State election officials have levied fines of more than $19,000 against Kim Foxx’s campaign to unseat Cook County State’s Attorney Anita Alvarez.

The Illinois State Board of Elections ruled on Feb. 17 that Foxx violated campaign finance laws by failing to disclose a $25,000 poll paid for by County Board President Toni Preckwinkle a year ago. The election board informed the Foxx campaign Thursday that it would be fined for the violation, records show.

The state board also found Foxx’s campaign committed other infractions, including taking longer than the law allows to disclose 10 contributions it got in September.
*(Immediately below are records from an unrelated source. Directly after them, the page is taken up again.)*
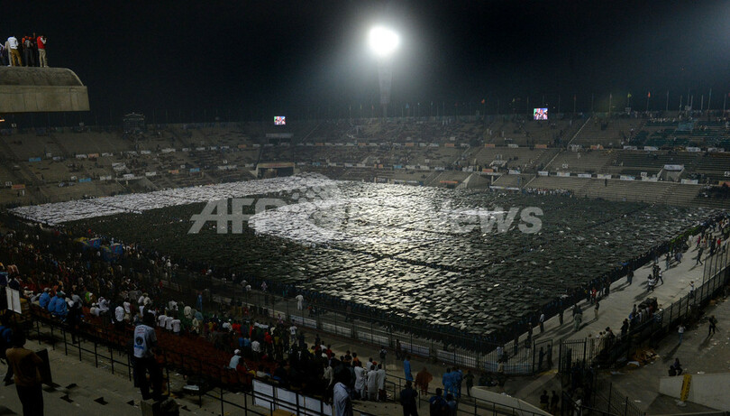 また20日夜には、同競技場に集まった4万2813人が国歌を斉唱し、インドで作られた1万5243人の国歌斉唱人数の最多記録を更新した。(c)AFP
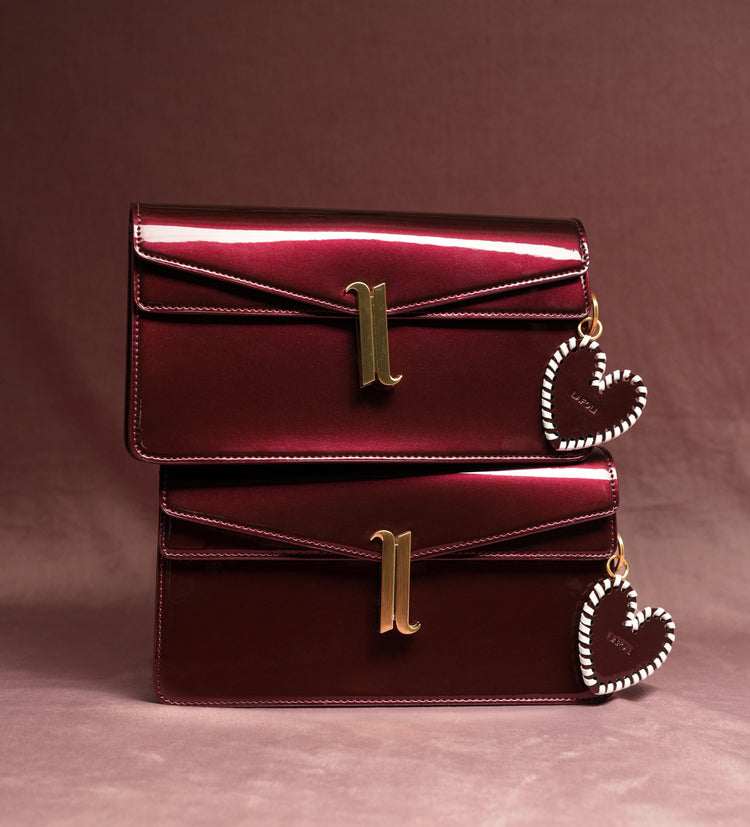 Made in a luxurious burgundy patent material, finished with a threaded heart charm. It’s your reminder that fate shows up, exactly when it’s meant to.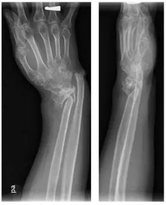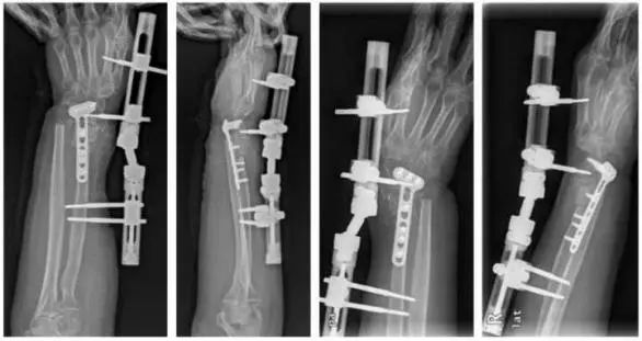 2.由于外固定支架的持续牵引作用,可避免骨折的再次移位,并保证掌倾角、尺偏角的恢复。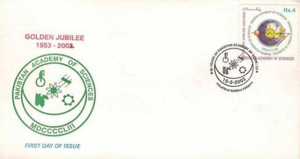 15فروری 2003ء کو پاکستان اکیڈمی آف سائنسز کی گولڈن جوبلی کے موقع پر پاکستان کے محکمہ ڈاک نے ایک یادگاری ڈاک ٹکٹ جاری کیا جس کی مالیت چار روپے تھی۔ اس ڈاک ٹکٹ پراس اکیڈمی کا لوگو بنا تھا اور انگریزی میں GOLDEN JUBILEE 1953-2002 اور PAKISTAN ACADEMY OF SCIENCES کے الفاظ تحریر کیے گئے تھے۔ اس ڈاک ٹکٹ کا ڈیزائن پاکستان اکیڈمی آف سائنسز نے فراہم کیا تھا۔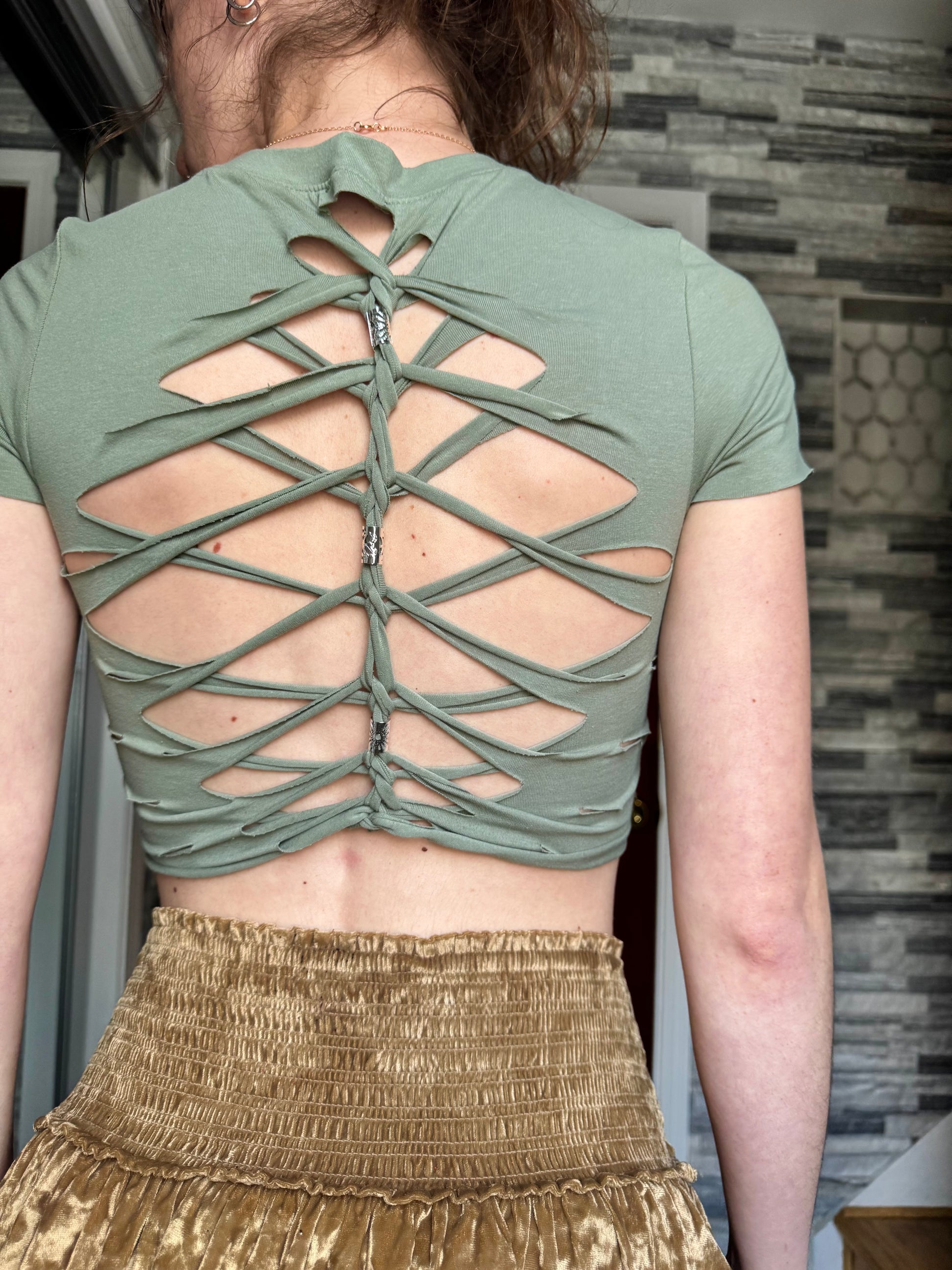 - Sage green braided/slitweave crop tee top accessorized with silver rings

Among those contributions was a $2,500 check from city Treasurer Kurt Summers, election officials said.

The total fines against Foxx would have totaled more than $40,000. But the amount was reduced to $19,450 because the first-time candidate had not broken the rules previously, according to the letter from the election board to the campaign.

The campaign was given a month to pay the fines or contest them.

“We intend to appeal,” Foxx spokesman Robert Foley said Monday, declining to comment further.

In November, the Chicago Sun-Times reported Foxx was involved in discussions about the poll but had not revealed she got that support from Preckwinkle, who also has contributed tens of thousands of dollars to her campaign.

Foxx, who was Preckwinkle’s chief of staff at the time of the poll, argued that she did not have to report it to the state because she had not yet decided to run when the poll was conducted.

In a statement Monday, Alvarez’s campaign said the matter shows Foxx “failed to take responsibility when confronted about it by the media and the public.”

“How can we trust Kim Foxx to enforce the law as state’s attorney when she’s repeatedly proved herself unwilling or unable to follow the law as a candidate?” Alvarez spokesman Mike Carson said.